> _Recorded information_:
+ + + + +

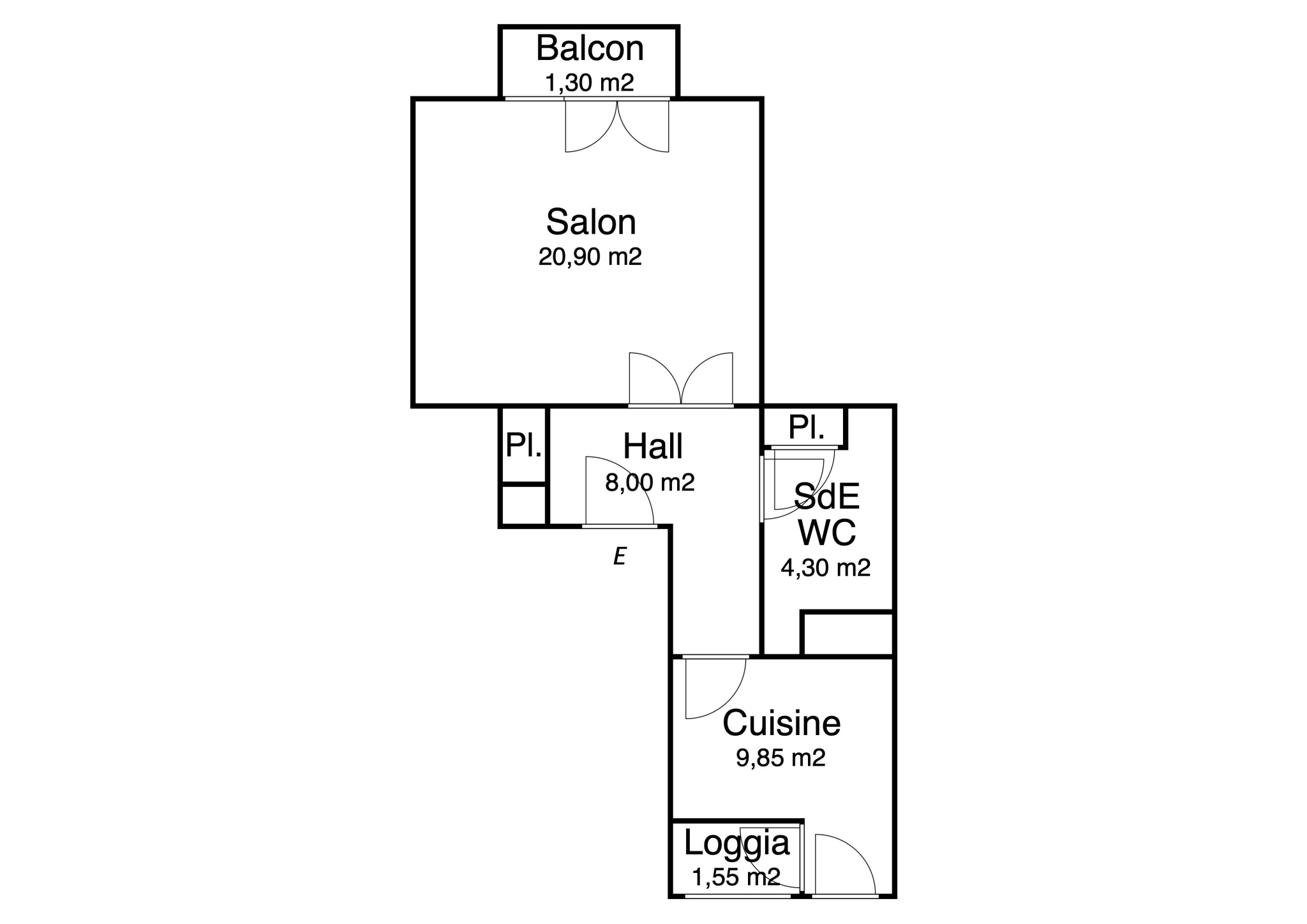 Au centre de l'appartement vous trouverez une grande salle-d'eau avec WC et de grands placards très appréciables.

+ + + + +

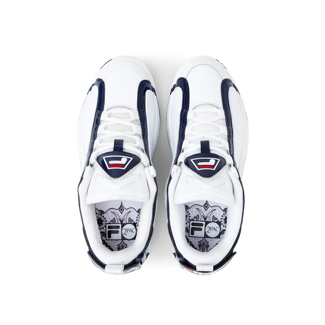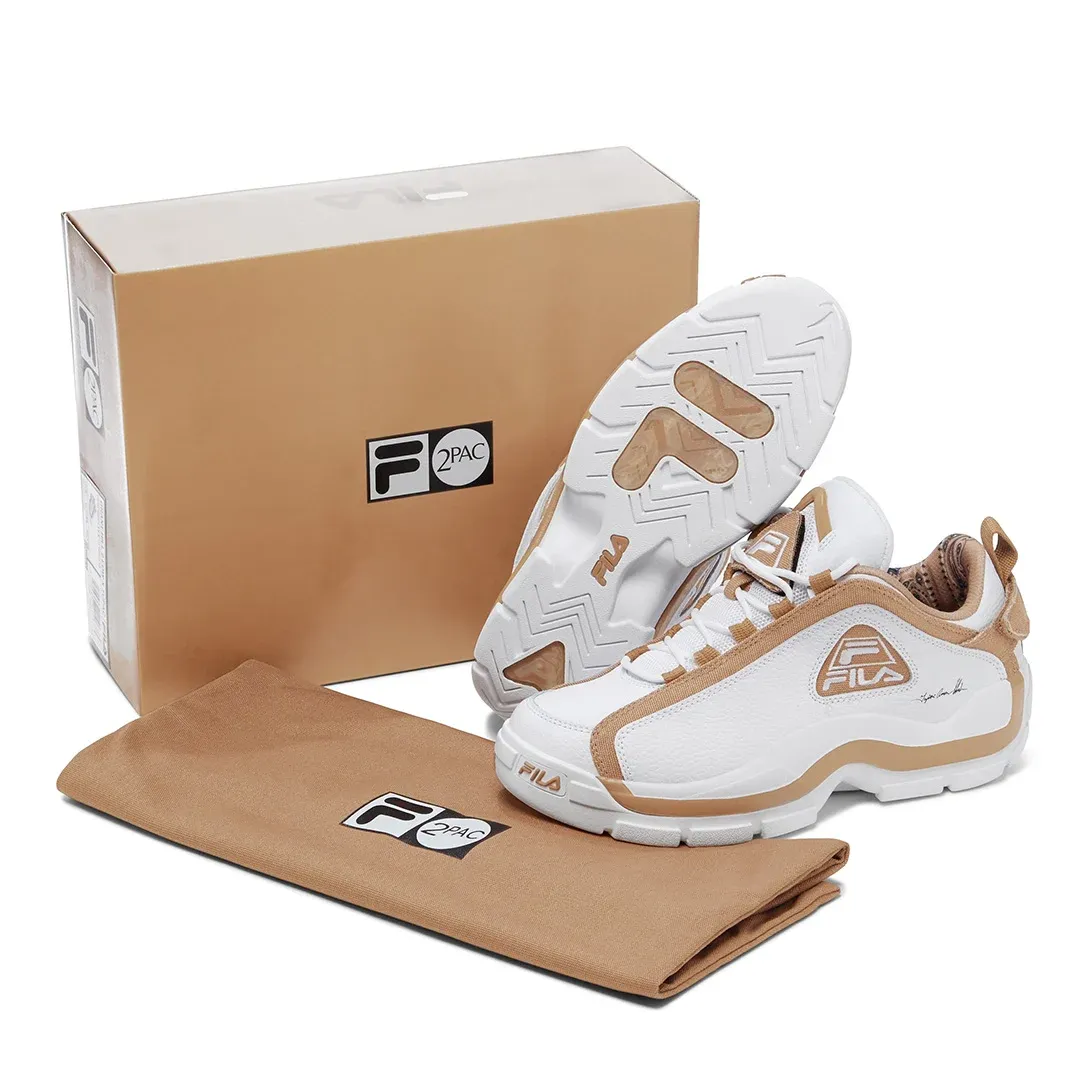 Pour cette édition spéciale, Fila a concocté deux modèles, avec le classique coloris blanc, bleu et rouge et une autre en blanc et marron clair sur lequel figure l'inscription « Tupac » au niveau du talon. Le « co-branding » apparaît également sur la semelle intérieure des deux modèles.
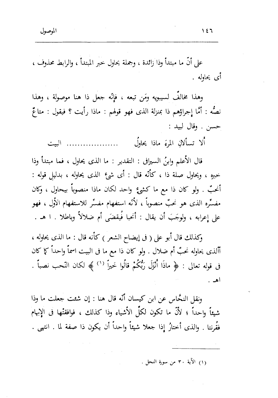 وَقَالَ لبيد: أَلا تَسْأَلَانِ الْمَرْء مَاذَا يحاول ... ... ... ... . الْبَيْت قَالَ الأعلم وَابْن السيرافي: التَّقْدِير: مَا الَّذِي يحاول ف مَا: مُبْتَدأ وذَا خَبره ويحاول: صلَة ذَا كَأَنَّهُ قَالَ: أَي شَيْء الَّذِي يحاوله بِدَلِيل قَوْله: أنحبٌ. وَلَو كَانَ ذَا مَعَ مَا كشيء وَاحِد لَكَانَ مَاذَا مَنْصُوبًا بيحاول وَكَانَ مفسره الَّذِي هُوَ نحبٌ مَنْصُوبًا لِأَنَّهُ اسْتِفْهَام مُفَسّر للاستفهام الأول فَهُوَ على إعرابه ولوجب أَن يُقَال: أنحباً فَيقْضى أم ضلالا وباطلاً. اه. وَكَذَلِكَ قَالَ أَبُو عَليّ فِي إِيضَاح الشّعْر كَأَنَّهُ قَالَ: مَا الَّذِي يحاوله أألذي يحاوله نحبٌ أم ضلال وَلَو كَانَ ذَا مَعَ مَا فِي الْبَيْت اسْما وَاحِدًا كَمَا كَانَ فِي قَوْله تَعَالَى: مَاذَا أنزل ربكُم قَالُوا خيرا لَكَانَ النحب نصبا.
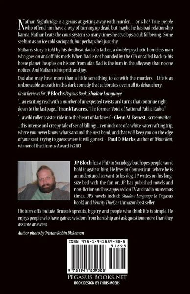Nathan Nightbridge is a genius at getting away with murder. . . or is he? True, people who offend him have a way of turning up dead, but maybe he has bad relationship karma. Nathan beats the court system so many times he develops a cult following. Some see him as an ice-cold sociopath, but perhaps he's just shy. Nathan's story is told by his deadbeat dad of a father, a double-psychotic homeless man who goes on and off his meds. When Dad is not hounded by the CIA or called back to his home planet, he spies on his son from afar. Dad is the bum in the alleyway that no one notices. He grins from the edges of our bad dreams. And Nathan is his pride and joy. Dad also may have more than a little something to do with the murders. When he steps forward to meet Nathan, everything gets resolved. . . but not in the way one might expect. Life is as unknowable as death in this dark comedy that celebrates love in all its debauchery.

+ + + + +

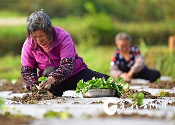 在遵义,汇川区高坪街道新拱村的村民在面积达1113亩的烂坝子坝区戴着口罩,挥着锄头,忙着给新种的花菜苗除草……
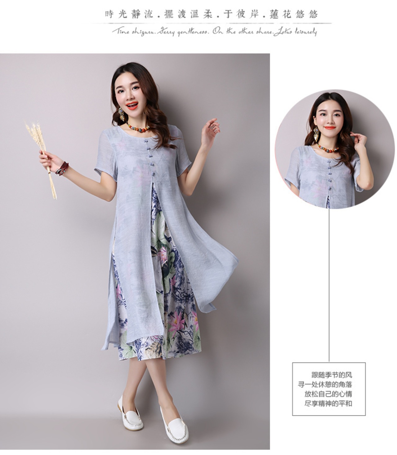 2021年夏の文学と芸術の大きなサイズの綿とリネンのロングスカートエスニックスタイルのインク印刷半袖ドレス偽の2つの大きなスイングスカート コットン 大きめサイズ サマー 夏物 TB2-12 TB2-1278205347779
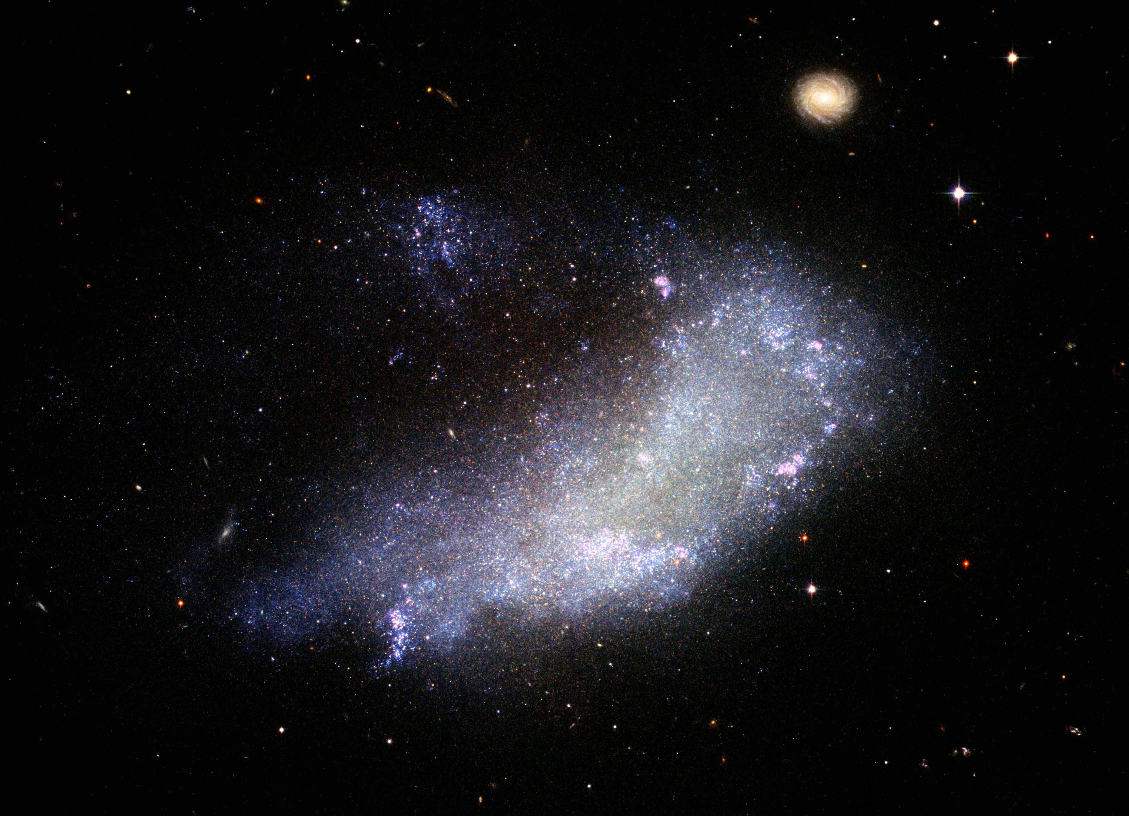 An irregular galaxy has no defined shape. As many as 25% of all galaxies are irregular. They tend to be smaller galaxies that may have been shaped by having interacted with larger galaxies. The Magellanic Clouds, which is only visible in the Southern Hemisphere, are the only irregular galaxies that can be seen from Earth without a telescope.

+ + + + +

> _Task statement_: For this exercise, reproduce exactly the lines of the records above from the one with "夏物 TB2-12 TB2-1278205347779" up to and including the one with "An irregular galaxy", without pictures.

> _Task answer_:
 2021年夏の文学と芸術の大きなサイズの綿とリネンのロングスカートエスニックスタイルのインク印刷半袖ドレス偽の2つの大きなスイングスカート コットン 大きめサイズ サマー 夏物 TB2-12 TB2-1278205347779
 An irregular galaxy has no defined shape. As many as 25% of all galaxies are irregular. They tend to be smaller galaxies that may have been shaped by having interacted with larger galaxies. The Magellanic Clouds, which is only visible in the Southern Hemisphere, are the only irregular galaxies that can be seen from Earth without a telescope.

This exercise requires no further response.